Task item: Leave out the pictures and retype, exactly, the lines below from the line with "Venir en 100%" up to and including the line with "Oslobodite prostor od", nothing more.

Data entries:
>>>

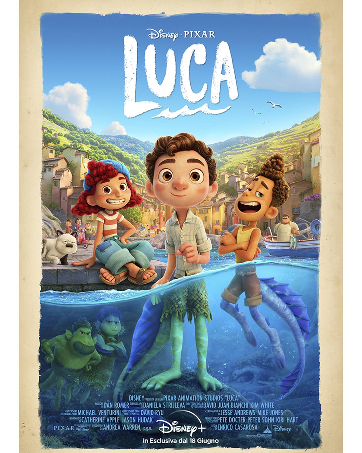 Diretto dal candidato all’Academy Award® Enrico Casarosa (La Luna) e prodotto da Andrea Warren (Lava, Cars 3), il nuovo lungometraggio d’animazione Disney e Pixar Luca sarà disponibile in streaming in esclusiva su Disney+ dal 18 giugno per tutti gli abbonati. Il film racconta di un’incredibile estate nella città di mare italiana Portorosso, vista attraverso gli occhi di un mostro marino di nome Luca.
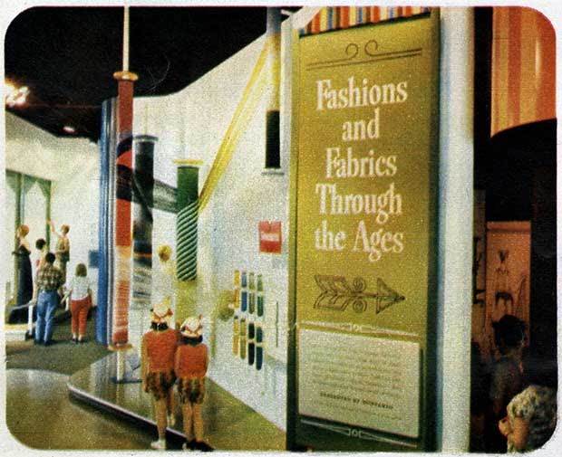 Fashions and Fabrics Through the Ages opened in March 1965 replacing the Hall of Aluminium Fame. Both of these attractions were sponsored by Monsanto, and I’ve got to say, the latter attraction made a lot more sense considering Monsanto is a chemical company. But the company made it work by focusing on the fibers that go into fabrics and diving into the science of closing as opposed to simply showcasing a bunch of different outfits.
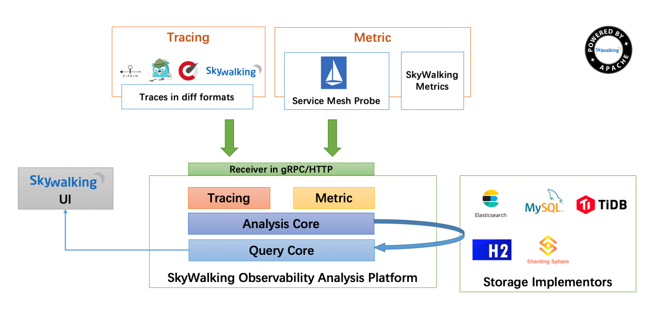 skywalking 6.0架构图如下:
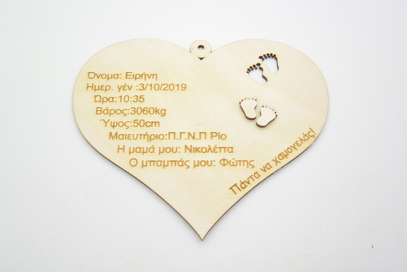 Ξύλινο Αναμνηστικό Γέννησης καρδιά.  Διάσταση 20 x 17 εκ. Το κείμενο μπορεί να αλλάξει και να μπει της επιλογής σας.
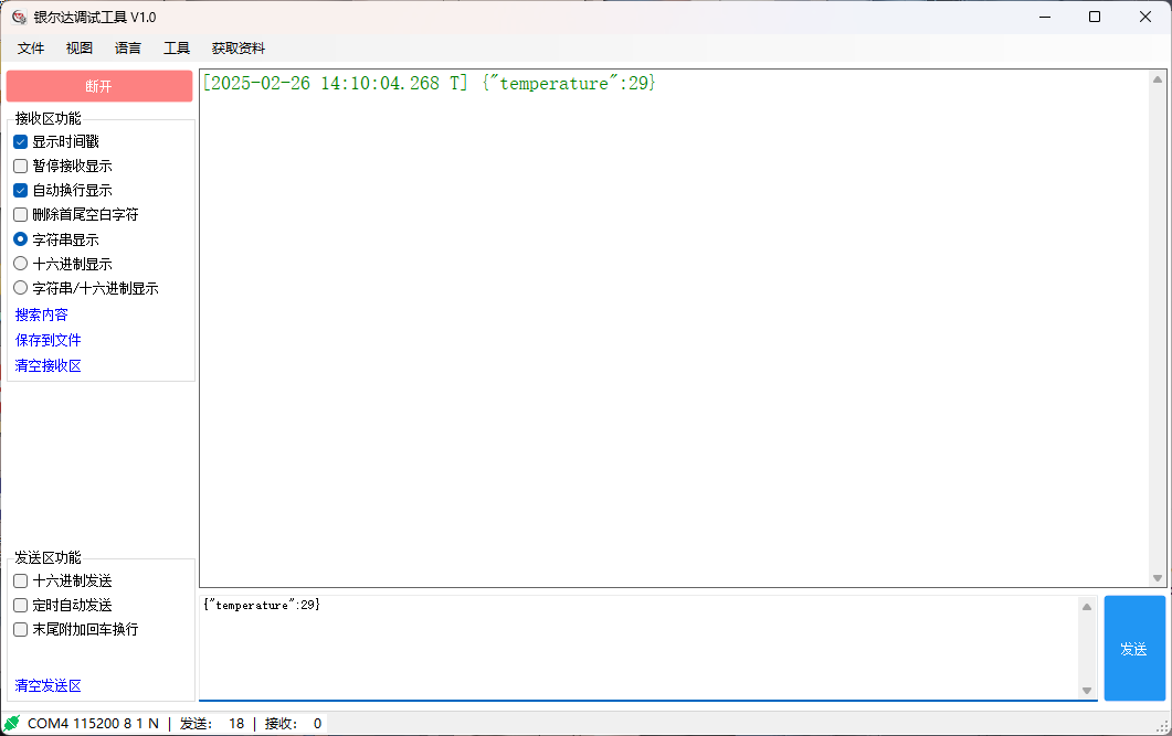 打开串口测试工具,并连接串口发送遥测数据 {"temperature":29}
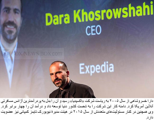 Dara Khosrowshahi (born May 28, 1969) is a businessman and the chief executive officer of Uber. Khosrowshahi was previously CEO of Expedia Group, a company that owns several travel fare aggregators. His father was not allowed to leave for 6 years and therefore Khosrowshahi spent his teenage years without seeing his father. In 1987, he graduated from the Hackley School, a private university-preparatory school in Tarrytown. In 1991, he graduated with a B.A. in electrical engineering from Brown University, where he was a member of the social fraternity Sigma Chi.
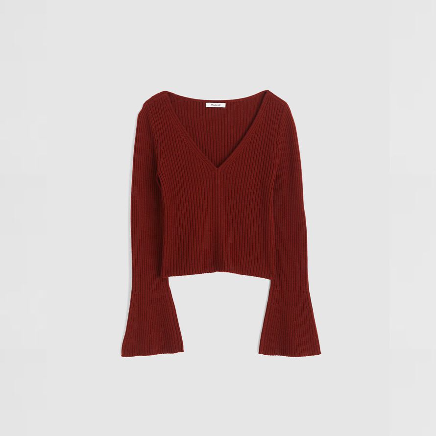 Venir en 100% laine de mérinos, ce pull côtelé haut dispose d’un profond décolleté en V et longue, évasée manches. Le flatteur slim fit le rend facile pour habiller votre favori va-out look.
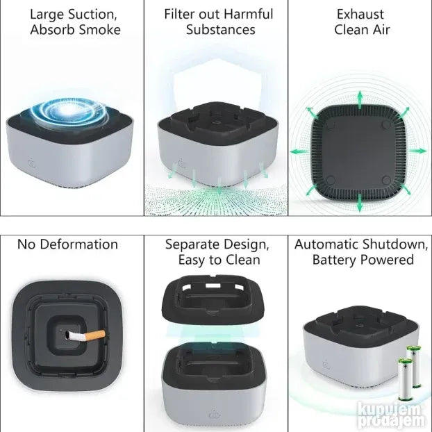 Oslobodite prostor od dima i neprijatnih mirisa – bez ventilatora, buke i punjenja! Ova praktična, prenosiva pepeljara čini vaše okruženje zdravijim uz minimalan trud. Idealno rešenje za dom, kancelariju ili putovanja.
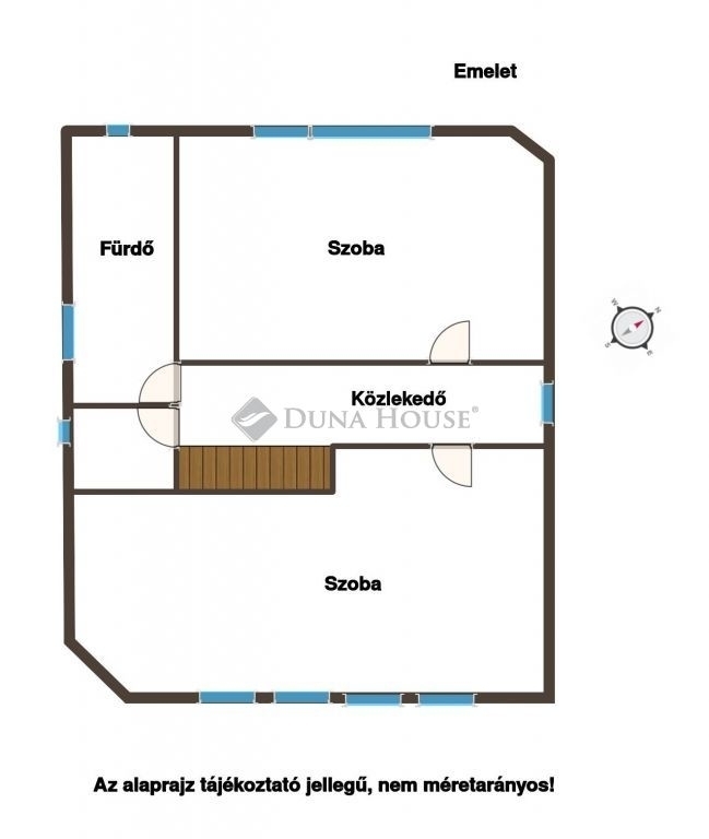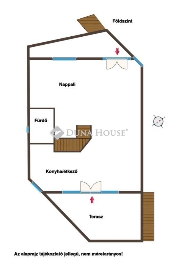 Az alsó szinten nappali, konyha, étkező és fürdőszoba kapott helyet, az emeleten 2 szoba es fürdőszoba található.
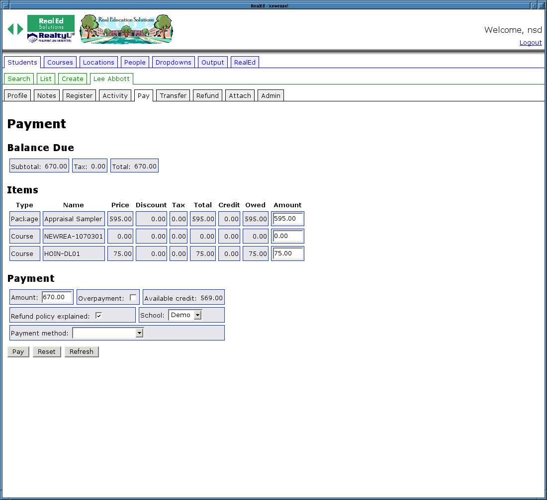 The payment interface allows partial or full payment toward any combination of items from accumulated shopping carts.
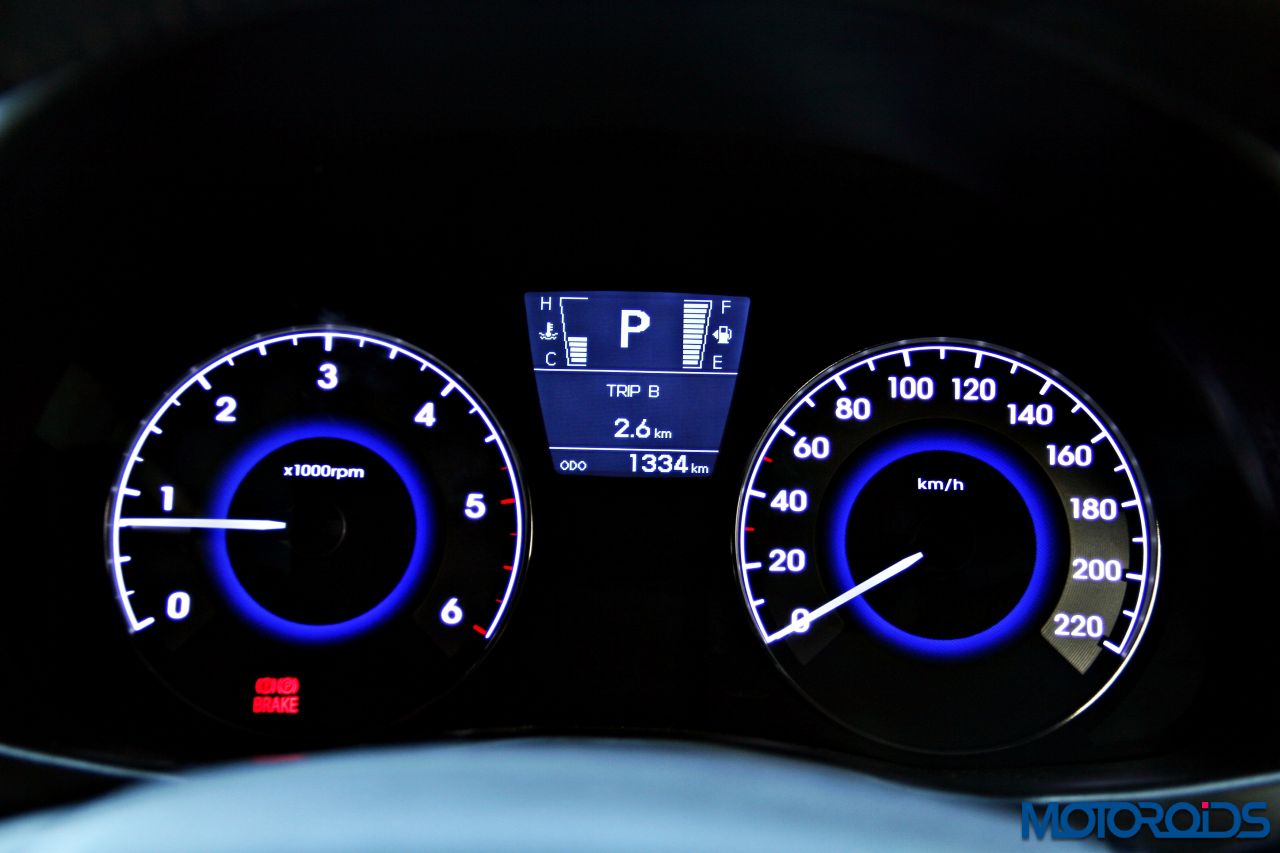 The Instrument cluster features two chrome ringed white dials which stay lit throughout. Needles are white too, pointing out from what appears as some moon eclipsing a blue lit Sun. The Multi-information display unit is located in the center and displays multitude of information, including a cell phone network bar type display for fuel levels and engine temperature, distance to empty, average fuel efficiency, instantaneous FE, external temperature, and the usual warning signs. It also displays eco mode status and recommends the right gear to upshift to, in order to extract maximum economy, while driving the manual variants.
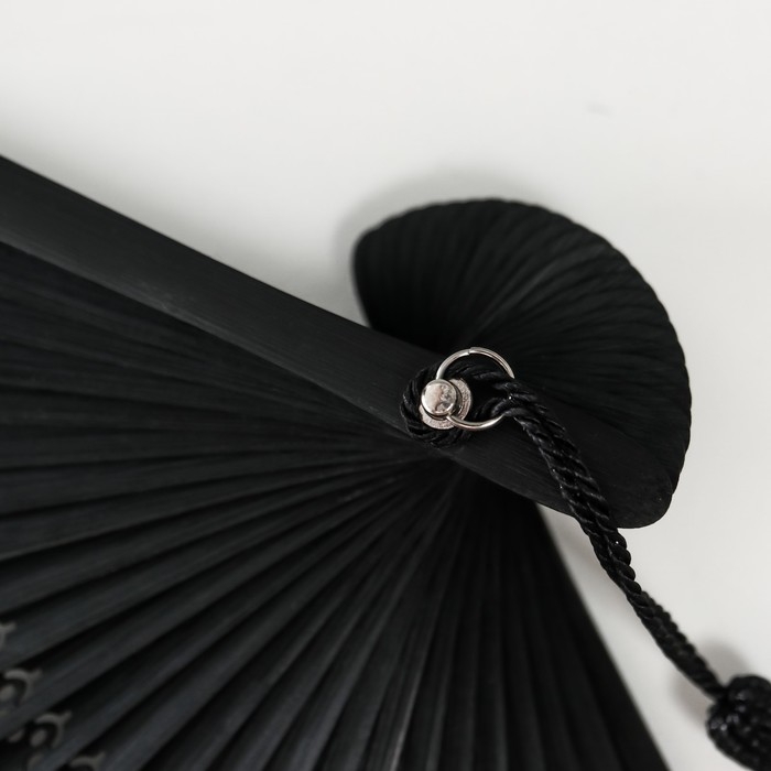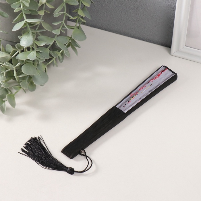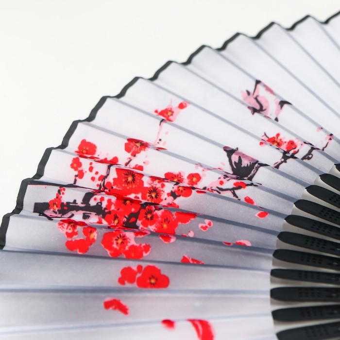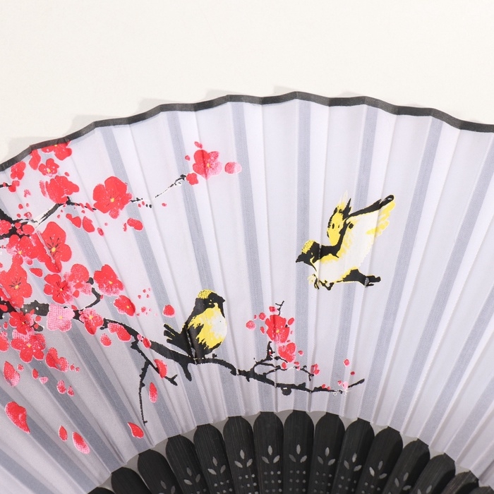 Веер бамбук, текстиль h=21 см "Красная сакура с птичками" белый, с кисточкой

<<<

Problem solution:
 Venir en 100% laine de mérinos, ce pull côtelé haut dispose d’un profond décolleté en V et longue, évasée manches. Le flatteur slim fit le rend facile pour habiller votre favori va-out look.
 Oslobodite prostor od dima i neprijatnih mirisa – bez ventilatora, buke i punjenja! Ova praktična, prenosiva pepeljara čini vaše okruženje zdravijim uz minimalan trud. Idealno rešenje za dom, kancelariju ili putovanja.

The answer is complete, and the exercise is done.